* [Collected data]
▬▬▬▬▬▬▬▬▬▬
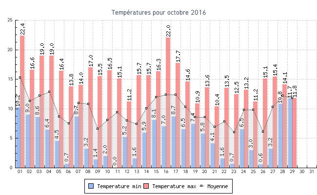 | 10 | 2.0 °C | 16.5 °C | 8.1 °C | 0.6 km/h (9.0 km/h) | NO |
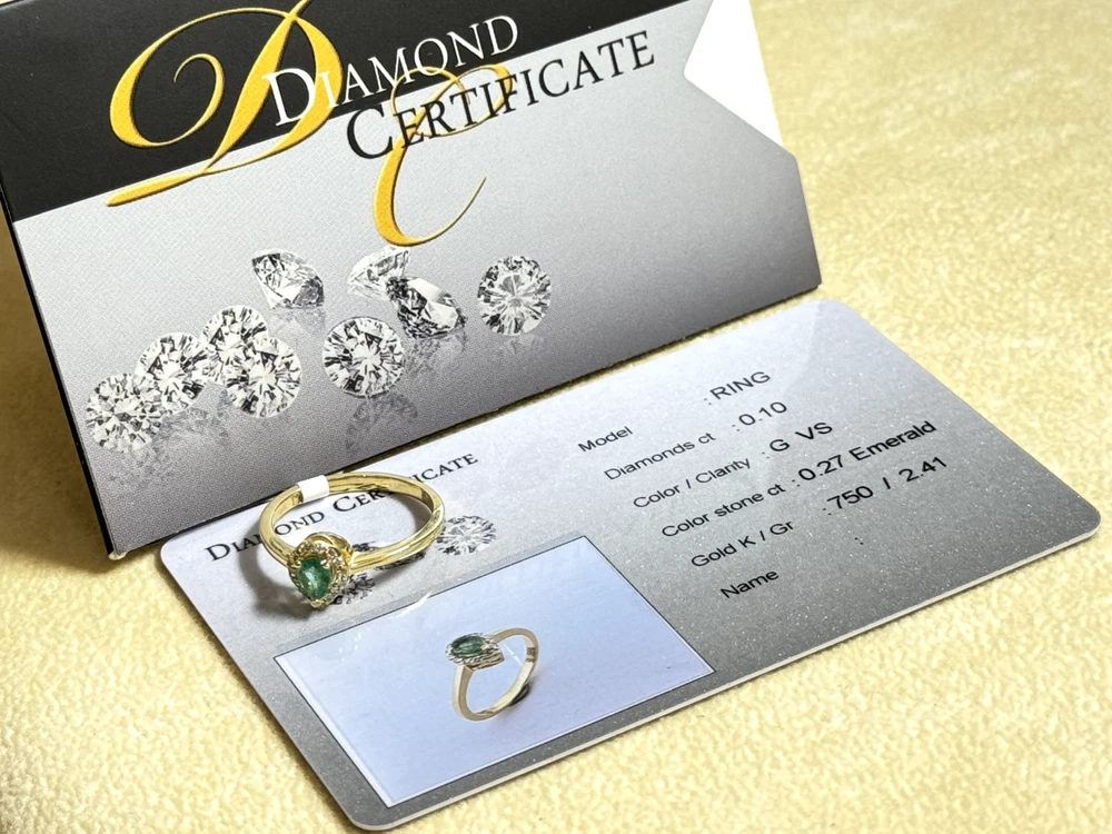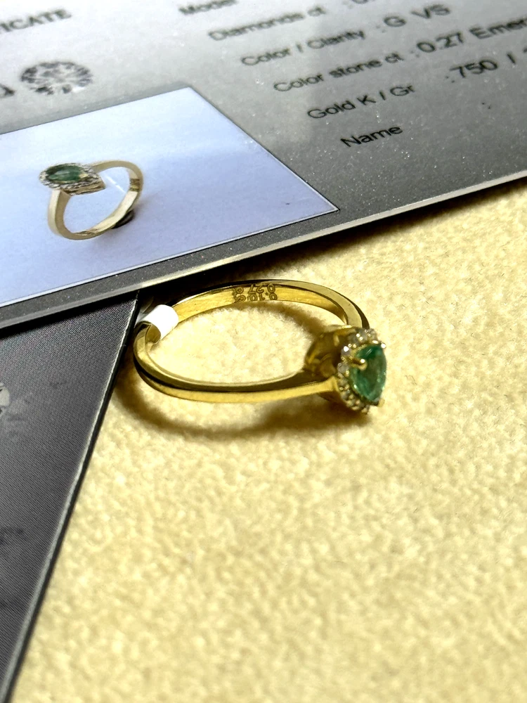 Ring Yellow Gold 18k 750 Emerald 0.27ct & Diamonds 0.10ct Certified 2.41grams TYPE:ring GANDER:lady MATERIAL:yellow gold 18k 750 WEIGHT RING:2.41grams SIZE RING:12 STONE:Emerald 0.27ct natural / diamonds 0.10ct total G VS CONDITION:NEW THE ITEM YOU SEE IN THE PHOTO IS THE ONE YOU RECIVE, SO PLEASE SEE THE PHOTOS, THE SHIPPING COST IS 39 $ , THE ESPECTED TIME IS 3-5 DAYS, WE ACCEPT PAYMENT WITH PAYPAL, ONLY VIA REGISTRED MAIL, WE SHIPP WORLDWIDE, IF YOU HAVE ANY UNCERTAINLY BEFORE BIDING. PLEASE CONTACT ME THANKS.
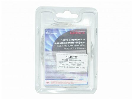 Набор разрядников для газовой плиты 'GEFEST' мод. 1100, 1200, 1300, 3100, 3200, 3300 (с 2004г. в.) с проводами (4шт), арт. 1040627 Данный набор свечек может поставляться без блистера (см. фото №3) В наборе свечек без блистера длина проводов всех свечек 520 мм Характеристики: Тип: запчасти Тип запчасти: свеча розжига Назначение: для газовой плиты Совместимость: GEFEST Цвет: белый Комплект поставки: Свеча розжига стола с проводом L-220 мм (19.00.000-001) - 1 шт. Свеча розжига стола с проводом L-325 мм (19.00.000-003) - 1 шт. Свеча розжига стола с проводом L-480 мм (19.00.000-005) - 1 шт. Свеча розжига стола с проводом L-550 мм (19.00.000-007) - 1 шт. Паспорт-упаковка Список моделей не полный GEFEST 1100 с 2004г. в. GEFEST 1200 с 2004г. в. GEFEST 1300 с 2004г. в. GEFEST 3200 с 2004г. в. GEFEST 3300 с 2004г. в. GEFEST 3100 с 2004г. в.
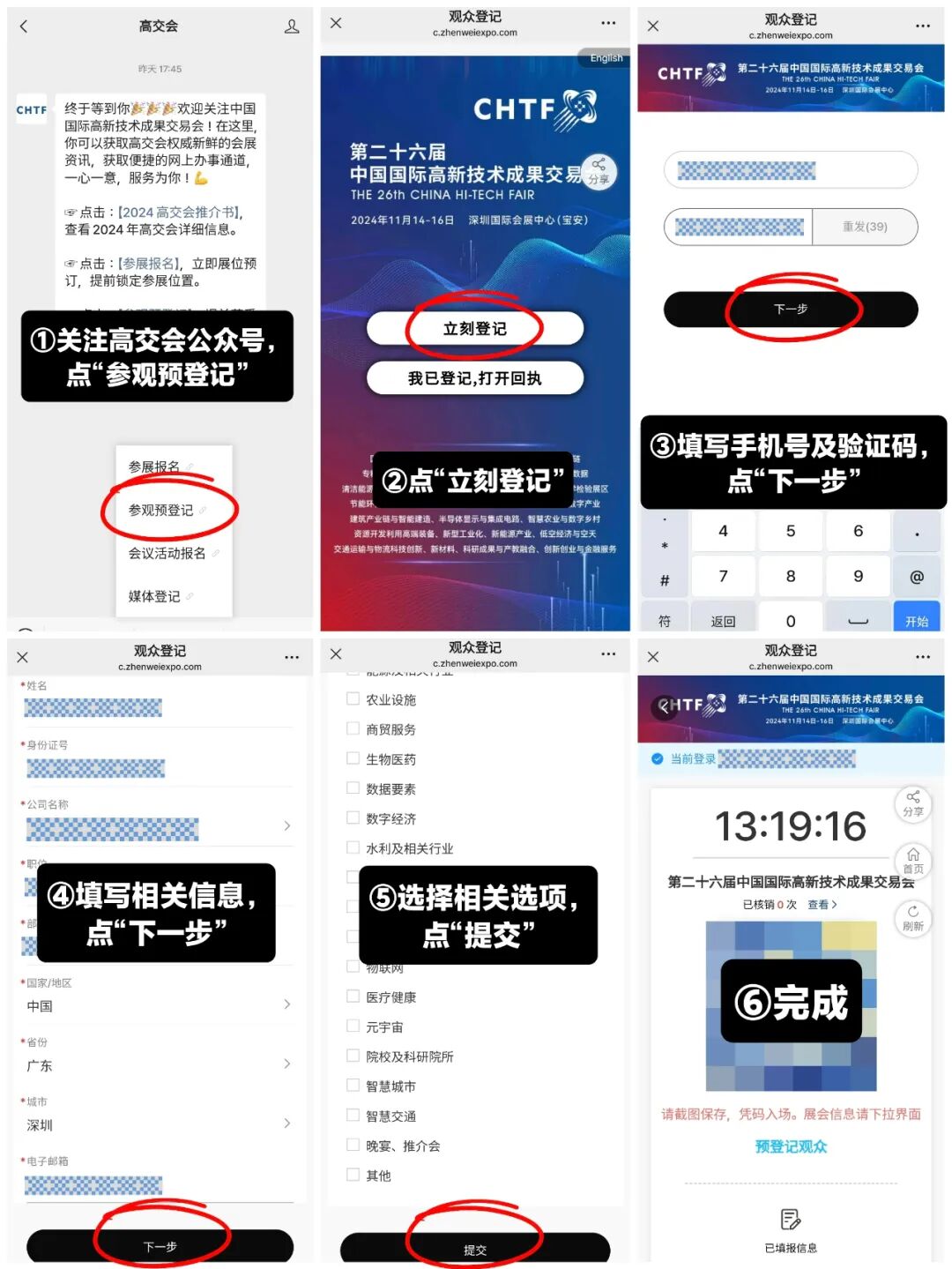 ①关注“高交会”公众号;点击下方“参观预登记”;
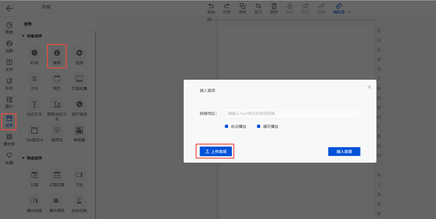 根据业务场景可以在简报或大屏中插入一些音频,使得整个版面内容更加丰富,表达更加全面。
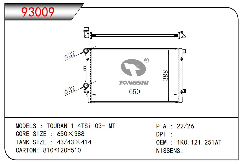 適用于奇瑞瑞虎(新款) MT散熱器 OEM : F1301000B1
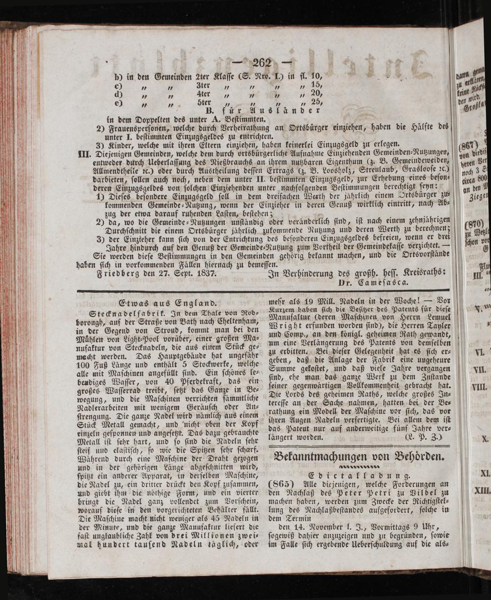 Friedberg den 27. Sept. 1837.
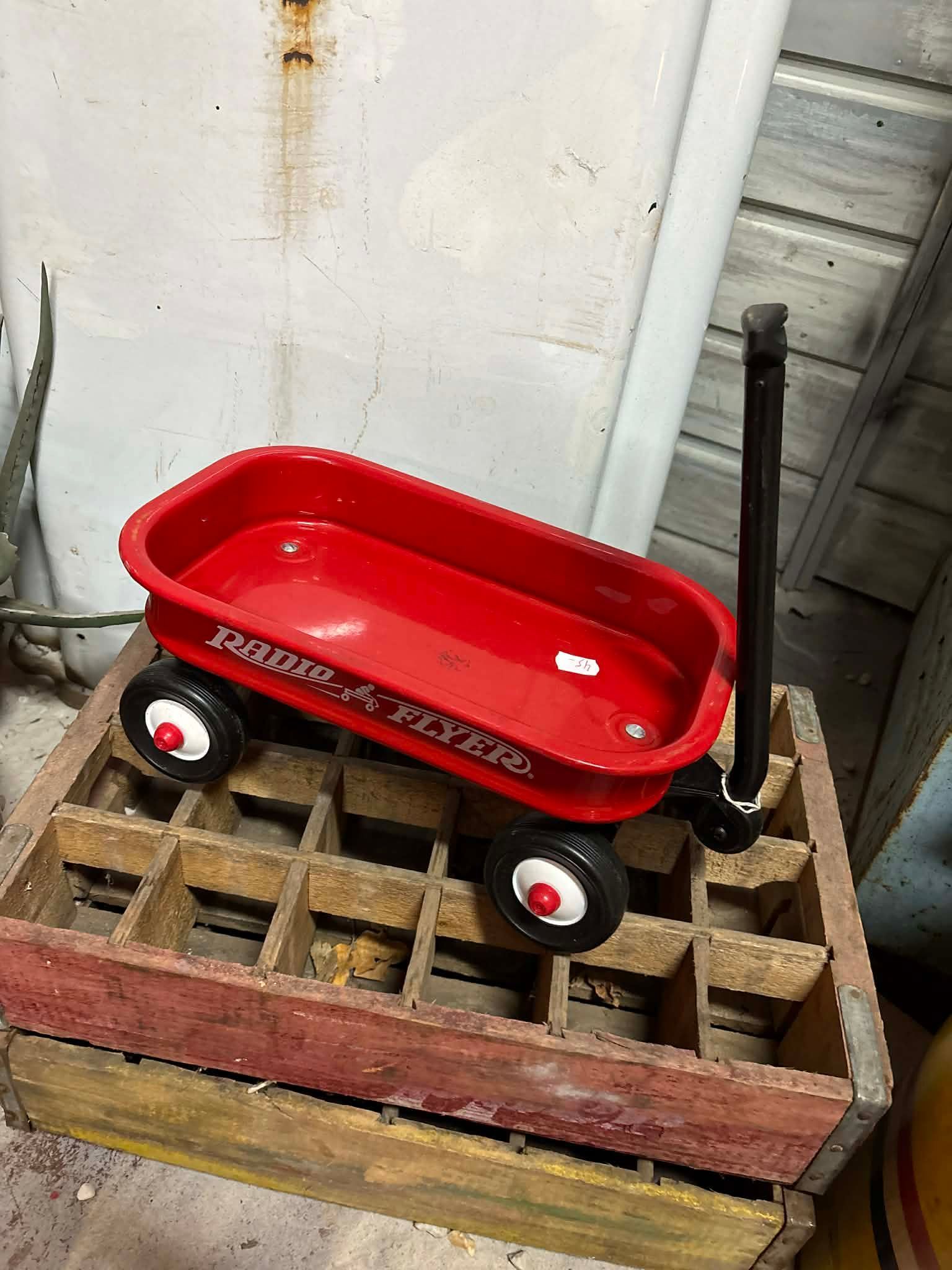 Superbe petit chariot Radio Flyer en métal rouge, reproduction miniature du célèbre wagon américain pour enfants.
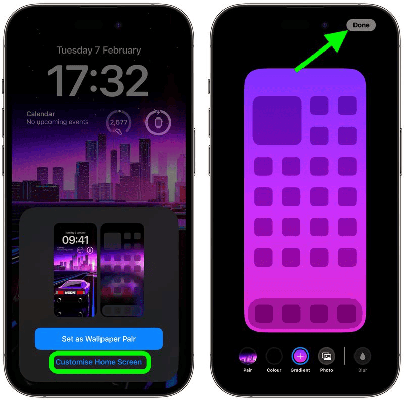 Nếu bạn chọn tùy chọn thứ hai, bạn sẽ được đưa đến một bộ công cụ cho phép bạn thay đổi màu sắc và độ dốc của hình nền Màn hình chính một cách độc lập hoặc thậm chí chọn hoàn toàn một hình ảnh khác cho nó. Khi bạn tùy chỉnh xong, hãy nhấn vào Xong ở góc trên cùng bên phải.
▬▬▬▬▬▬▬▬▬▬
* [Exercise requirements]
Leaving out the images, return the entries above exactly as they read.

* [Answer section]
 | 10 | 2.0 °C | 16.5 °C | 8.1 °C | 0.6 km/h (9.0 km/h) | NO |
 Ring Yellow Gold 18k 750 Emerald 0.27ct & Diamonds 0.10ct Certified 2.41grams TYPE:ring GANDER:lady MATERIAL:yellow gold 18k 750 WEIGHT RING:2.41grams SIZE RING:12 STONE:Emerald 0.27ct natural / diamonds 0.10ct total G VS CONDITION:NEW THE ITEM YOU SEE IN THE PHOTO IS THE ONE YOU RECIVE, SO PLEASE SEE THE PHOTOS, THE SHIPPING COST IS 39 $ , THE ESPECTED TIME IS 3-5 DAYS, WE ACCEPT PAYMENT WITH PAYPAL, ONLY VIA REGISTRED MAIL, WE SHIPP WORLDWIDE, IF YOU HAVE ANY UNCERTAINLY BEFORE BIDING. PLEASE CONTACT ME THANKS.
 Набор разрядников для газовой плиты 'GEFEST' мод. 1100, 1200, 1300, 3100, 3200, 3300 (с 2004г. в.) с проводами (4шт), арт. 1040627 Данный набор свечек может поставляться без блистера (см. фото №3) В наборе свечек без блистера длина проводов всех свечек 520 мм Характеристики: Тип: запчасти Тип запчасти: свеча розжига Назначение: для газовой плиты Совместимость: GEFEST Цвет: белый Комплект поставки: Свеча розжига стола с проводом L-220 мм (19.00.000-001) - 1 шт. Свеча розжига стола с проводом L-325 мм (19.00.000-003) - 1 шт. Свеча розжига стола с проводом L-480 мм (19.00.000-005) - 1 шт. Свеча розжига стола с проводом L-550 мм (19.00.000-007) - 1 шт. Паспорт-упаковка Список моделей не полный GEFEST 1100 с 2004г. в. GEFEST 1200 с 2004г. в. GEFEST 1300 с 2004г. в. GEFEST 3200 с 2004г. в. GEFEST 3300 с 2004г. в. GEFEST 3100 с 2004г. в.
 ①关注“高交会”公众号;点击下方“参观预登记”;
 根据业务场景可以在简报或大屏中插入一些音频,使得整个版面内容更加丰富,表达更加全面。
 適用于奇瑞瑞虎(新款) MT散熱器 OEM : F1301000B1
 Friedberg den 27. Sept. 1837.
 Superbe petit chariot Radio Flyer en métal rouge, reproduction miniature du célèbre wagon américain pour enfants.
 Nếu bạn chọn tùy chọn thứ hai, bạn sẽ được đưa đến một bộ công cụ cho phép bạn thay đổi màu sắc và độ dốc của hình nền Màn hình chính một cách độc lập hoặc thậm chí chọn hoàn toàn một hình ảnh khác cho nó. Khi bạn tùy chỉnh xong, hãy nhấn vào Xong ở góc trên cùng bên phải.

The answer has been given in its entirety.